You will remember from the first part of this letter that three young men--Stephanas, Fortunatus, and Achaicus--had brought a letter from the church at Corinth asking the apostle certain questions. Paul has not yet touched upon these questions; he wants to build up to the subject with some very necessary and honest dealing with the problems they had not asked about, and some revelations of truth that they needed to know.
But at this time he turns to the letter and begins to answer their questions:
Now concerning the matters about which you wrote. It is well for a man not to touch a woman. But because of the temptation to immorality, each man should have his own wife and each woman her own husband (7:1,2).
Question number one on their list seems to be something like this: "In view of the sexual temptations we face in Corinth, is it perhaps better to take a vow of celibacy, renounce marriage for life, and withdraw from all contact with the opposite sex?"
That question probably arose from the difficulty that some were having handling their sexual drives. They were facing temptation in these areas every time they turned around, just as we do today, so some of them were saying, "Rather than struggle all the time, why not just forget the whole thing; get away from the opposite sex, and live as a monk?"

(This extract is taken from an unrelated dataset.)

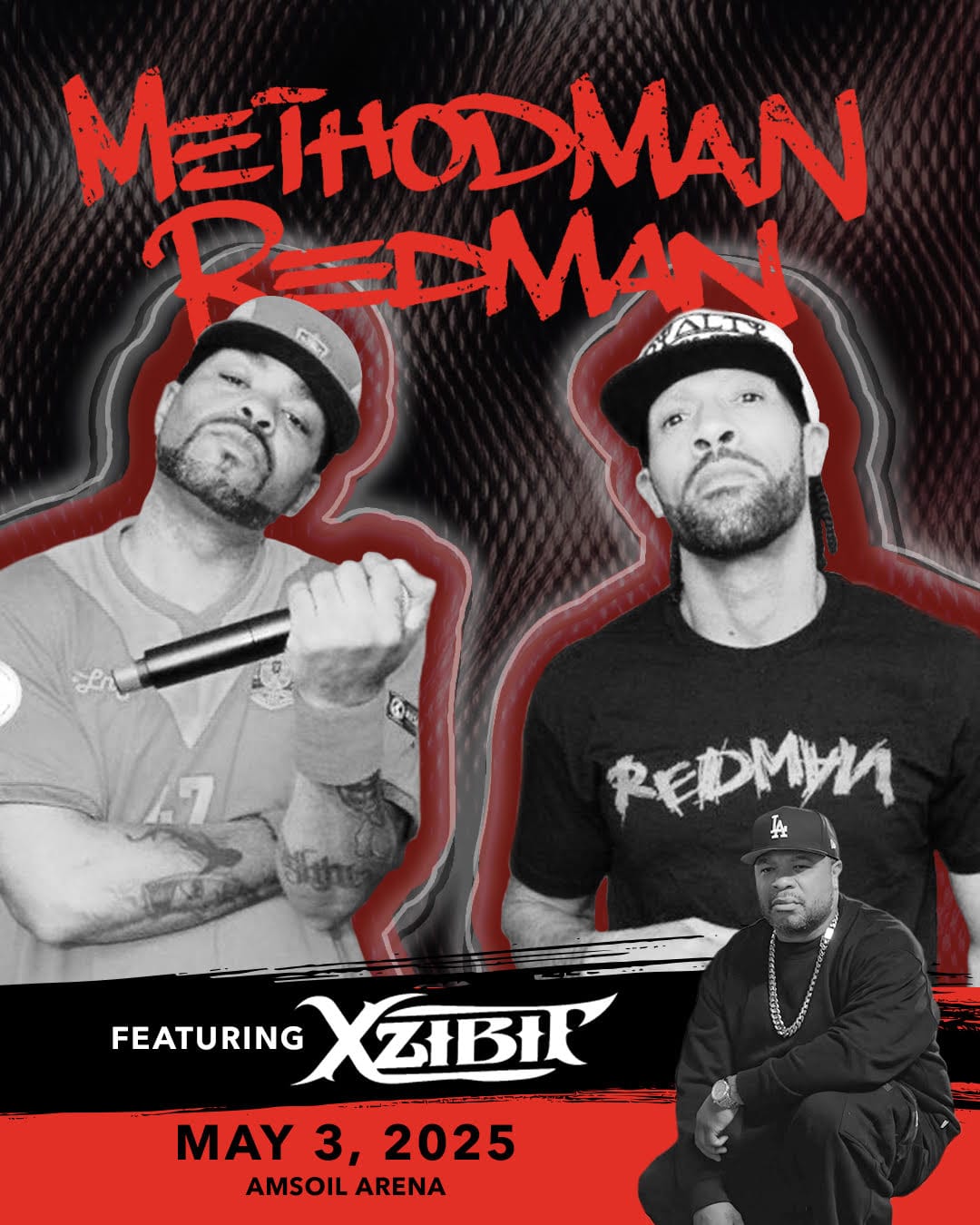 Hip-hop fans are in for an epic night as Method Man (of Wu-tang Clan), Redman (Def Squad), and Xzibit will take the AMSOIL Arena stage on Saturday, May 3, 2025. Underground rap icon Immortal Technique will join as a special guest performer.
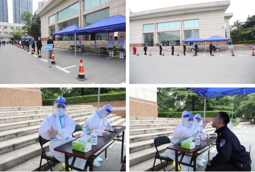 14:25,大礼堂前应急核酸采样区设置完毕。校医院安排采样人员,与物资存放区工作人员对接,领取防疫物资,穿戴好防护用品,进行应急核酸采样工作。物业公司通知管控区人员做好个人防控,进入应急核酸采样区,保持间隔,有序排队进行核酸检测。

This attitude is commonly held. It is what gave rise to monasticism in the Middle Ages and was a popular practice at that time. People withdrew from all contact in this area, viewing sex itself as defiling, dirty, and unworthy. They regarded the celibate state as a higher level of spirituality. They moved out of the world and built monasteries where men could live with men and women could live with women so as to remove them from all contact with the opposite sex and (they thought), all struggle in the area of sex. But it did not work, and it never will work. It is never God's intention for the sexes to live separately--he made them in the beginning to be together. Monasticism proved to be a disaster, for you cannot run away from drives that are within you, and Scripture clearly recognizes this.
Nothing Wrong with Celibacy
Paul's answer, given in the first verse, is that there is nothing wrong with celibacy. "It is well for a man not to touch a woman." He stresses that it is all right to be single. Nevertheless, he says, because of the temptations that abound, marriage is preferable in a place like Corinth. Some have taken that to mean that Paul had a very low view of marriage, that it was a kind of a second-best state of affairs, but they have missed the whole thrust of this passage; they have ignored the context.
It is true that the apostle, at least at this time, was unmarried himself. There is some evidence that he might have been married at one time in his life. It was a custom among the Jews for young men to marry. Furthermore, Paul had been a member of the Sanhedrin, because he tells us that he gave his vote against the Christians. To be a member of the Sanhedrin required marriage, so it is probable that he was married at one time. What happened to his wife is one of the great mysteries of all time. Tradition does not tell us. Scripture does not even mention it. Whether she died, or left him when he became a Christian, we have no way of knowing. (That is one of the first questions you can ask the apostle when you meet him in heaven.) But at this point, anyway, he was unmarried, and he glories in his singleness. Several times in this chapter he will tell us that he considered it an advantage to be single.
So he starts with this statement, "It is well for a man not to touch a woman." "Touch" is a euphemism for sexual intercourse. It does not mean that it is wrong for a male to lay his hand on a woman's shoulder or arm or whatever may be normal in friendship. Paul is saying here that to abstain from sex is not harmful and is not wrong, but if one abstains, a celibate life must be lived in chastity, as he has made clear in the previous section.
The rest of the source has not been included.